In yeast, polarized localization of Cdc42 is essential for budding and mating, but how polarity is attained has been elusive. Grinstein and colleagues show that phosphatidylserine accumulates in a polar fashion in yeast, and is required for the proper localization of Cdc42.
In humans, mutations in the DNA-damage-response modulator MCPH1 are associated with defective neural development. Wang and colleagues show that mutations in mouse MCPH1 result in microcephaly through the delocalization of Chk1 from centrosomes, causing the uncoupling of mitosis and centrosome duplication, and resulting in spindle misorientation and a switch in the fate of neural stem cell daughters.
In the TGFβ pathway, receptor-activated SMADs (R-SMADs) associate with SMAD4 to regulate transcription. Piccolo and colleagues reveal that the deubiquitylase USP15 is required for TGFβ responses by reversing R-SMAD ubiquitylation and thereby promoting the retention of the SMAD complex at promoters.
Non-enveloped viruses such as SV40 are transported from the extracellular space into the host cell nucleus through a pathway involving endocytosis, trafficking to the endoplasmic reticulum (ER) lumen, transport across the ER membrane to the cytoplasm, and subsequent nuclear import.
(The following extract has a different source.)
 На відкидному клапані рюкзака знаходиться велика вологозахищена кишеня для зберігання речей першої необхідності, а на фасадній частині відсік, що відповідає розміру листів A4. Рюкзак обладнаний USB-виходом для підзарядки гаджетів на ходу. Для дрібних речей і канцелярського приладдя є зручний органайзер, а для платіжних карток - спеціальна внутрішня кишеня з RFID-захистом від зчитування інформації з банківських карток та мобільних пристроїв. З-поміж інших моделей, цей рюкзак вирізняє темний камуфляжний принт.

Helenius and colleagues provide insight into how SV40 escapes from the ER by showing that viral proteins interact with components of the host ER-associated degradation machinery (ERAD). These interactions are crucial for translocation of SV40 into the cytoplasm and infectivity.
Ivaska and colleagues identify SHARPIN as an inhibitor of integrin activity in an RNAi screen for integrin regulators. They show that SHARPIN acts by binding to the cytoplasmic domain of integrin α-subunits and reduces the recruitment of talin and kindlin to the β-subunits.
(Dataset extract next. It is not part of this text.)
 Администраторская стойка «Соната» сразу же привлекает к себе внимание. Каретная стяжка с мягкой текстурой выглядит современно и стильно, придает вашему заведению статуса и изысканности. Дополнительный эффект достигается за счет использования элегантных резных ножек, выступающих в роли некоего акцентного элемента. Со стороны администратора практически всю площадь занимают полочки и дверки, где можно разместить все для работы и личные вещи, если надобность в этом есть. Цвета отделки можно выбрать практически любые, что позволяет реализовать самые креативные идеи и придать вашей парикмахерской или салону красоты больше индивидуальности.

A potential role for glycosphingolipids and lipid rafts in apical sorting was initially met with enthusiasm, but genetic analysis has since provided little support for it. A report now establishes that glycosphingolipids mediate apical sorting, and specifically help maintain apicobasal polarity in Caenorhabditis elegans.
The spindle assembly checkpoint halts cell-cycle progression in the presence of unattached kinetochores by preventing activation of APC/C. Pines and colleagues find that APC15 has a critical role in regulating APC/C activation by promoting release of the inhibitory MCC complex from APC/C once the spindle assembly checkpoint is satisfied.
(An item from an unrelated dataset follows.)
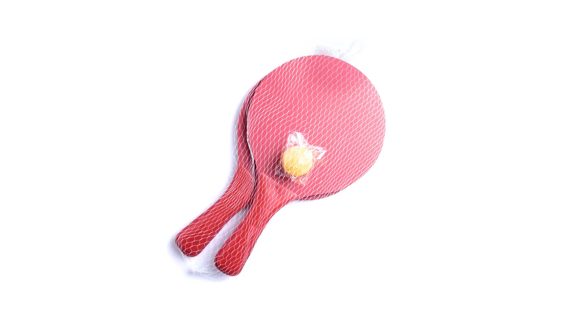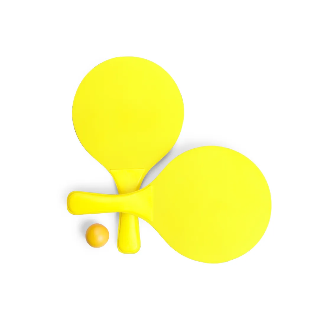 Par de palas de playa de alta calidad en madera natural de variada gama en vivos colores. Con mango reforzado a juego y presentadas en bolsa redecilla con pelota.

ATP production by mitochondria requires the efficient flow of protons through the F1FO ATP-synthase complex. Jonas and colleagues show that Bcl-xL interacts with the F1FO complex in the mitochondrial matrix and increases the efficiency of this enzyme by decreasing proton leak.
Cell polarity is critically important for organogenesis. Using a series of RNA-interference-based screens, Göbel and colleagues reveal the role of the glycosphingolipid glucosylceramide (GlcCer) in determining apicobasal polarity and maintaining the organization of the intestinal lumen in the developing worm.